Il calcio italiano al giorno d’oggi. Un sistema che negli ultimi anni ha vissuto esperienze non tutte positive. Indispensabile trovare la volontà, concreta, di invertire rotta. Occorre una mentalità diversa. Il perché è molto semplice. Continuando sui tragitti attuali, tra poco non ce ne sarà più per nessuno. Esistono nuovi mercati, emergenti, interessati al prodotto calcio e, come è accaduto in altri settori imprenditoriali del nostro Paese, si corre il rischio concreto che, anche il controllo di quell’ industria, ci venga sfilato di mani.

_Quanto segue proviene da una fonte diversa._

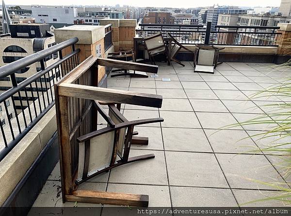 阿甘在這棟大樓住了快十五年, 從沒遇過這種事。這些桌子很重, 一個人根本搬不動, 風可以大到把桌椅掀翻撞牆損毀, 太不可思議。

Questa la valutazione personalissima di chi è vissuto di calcio, quello vero e palpitante, per oltre 35 anni. Sempre schierato in prima linea, mettendoci la faccia. Stagioni positive ed altre meno. Tante esperienze positive ed altre no. Sulla propria pelle. In tutte le categorie ed a tutte le latitudini. Ma tutte egualmente preziose e di grande insegnamento. Tutte utili, nel tempo, per riuscire ad interpretare le diverse anime che si agitano all’ interno del sistema. Dove, bene ribadirlo, nessuno è santo. Tutti gli armadi sono pieni di scheletri. Personaggi pronti a sgomitare per il proprio interesse economico e per protagonismo. Abbarbicati sui loro scranni. Privi del più semplice senso del pudore. Volta gabbana, come il più recente titolo di Bruno Vespa, pronti a saltare di carro in carro inseguendo l’ effimera gloria regalata da una poltrona.
A tal proposito devo diligentemente rispondere a quel presidente, mio amico, che mi rimprovera, errando, di essere schierato. Avendo, a suo dire, sposato la linea di pensiero espressa recentemente da Francesco Ghirelli. Evidentemente non sono stato compreso. Non ho manifestato simpatie per questo o per quello, né mi sono mai messo in testa al gruppo a tirare le volate. Da sempre, però, mi ritengo uomo libero e pensante. Da attento osservatore delle cose del calcio non posso esimermi dall’ annotare il costante ripetersi di eventi a dir poco “imbarazzanti” che contribuiscono ad inasprire la crisi del settore. Anche in Lega Pro. Gli esempi negativi sono nella quotidianità, con il silente consenso di tutte le componenti. In questi frangenti fare un passo indietro e, con grande spirito di servizio, mettere la propria esperienza a disposizione della causa è, da sempre, indice di grande maturità.
Ecco spiegato il perché delle mie esternazioni. Interloquire alla luce del sole non è malafede. Contribuisce, semmai, a raggiungere i risultati migliori.
Dal mio punto di vista, chiunque designato a dirigere, indipendentemente dall’ età anagrafica, dal cognome e dall’ esperienza, deve saper offrire, in categoria, una gestione del calcio trasparente e unanimemente condivisa. Dove ognuno è chiamato a recitare il proprio ruolo, senza commistioni. Dove non ci siano più penalizzazioni, fallimenti, radiazioni, rose “extra large”, zainetti e raccomandazioni. Un sistema solido, sostenuto da un valido progetto industriale che privilegi la legalità ed il rispetto delle regole.